Lots of news out that the EU has approved 3G Capital + WB takeover of Heinz.
Just like when the deal was announced, I am seeing a lot of commentary about how he is paying 20 times earnings when he is supposed to be a value investor.
This seemed a little silly to me. Research I've done for US markets indicates that even in the cheapest value deciles you can't really avoid paying a higher multiple in years when the overall market is more expensive compared to years when the overall market is cheap.
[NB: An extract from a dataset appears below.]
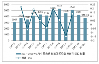 2017-2018年1月中國自動數(shù)據(jù)處理設(shè)備及部件進口數(shù)量
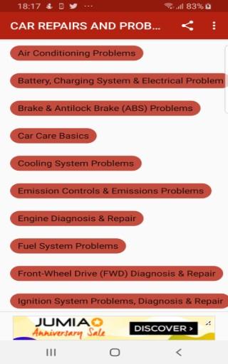 This app tells you about all the possible problems that could ever occur in a car providing you with correct and adequate information to handle the problem. With this app you are able to eliminate guess work and reduce cost incurred by incorrect diagnosis and focus on the exact problem at the time. Whether you are handling the the problem yourself or getting help you have the right information at your disposal. This app contains information for all vehicle types. With the various categories and sub categories you are to find the preferred solution. This is a must have app for all experts and professional automobile mechanics there giving you an edge in the area of expertise.For all car owners and users you are no longer in the dark concerning the maintenance of whatever vehicle you make use with this app

But is Buffett really departing from his playbook? Heinz is a low beta (~0.53), large, quality name so it fits the universe criteria. What about value? Well the price certainly had been on the run, demonstrating some nice momentum and the announcement of the deal driving the price from $56 to >$70. I decided to plug some numbers into the Money Chimp "WB IV Formula" which I found from a quick google:
Even the most conservative numbers I plugged into the tool seemed to indicate that even at $70, HNZ was quite cheap. For example, estimating $3.10 for EPS, 0% growth in the short and long term, 100% certainty of outcome with a 3% risk free rate values the company at $103. EPS would need to decline by $1 to price such a conservative outcome to ~$70. Alternatively, using a risk free rate of 2% (approx value of US 10Y yield the day deal was announced) prices the company at $155. The interest rate would need to rise to 4.5% to price this outcome to ~$70.
So for me it doesn't really seem like a departure for WB.
I'm interested to hear what others with more experience in valuation have to say.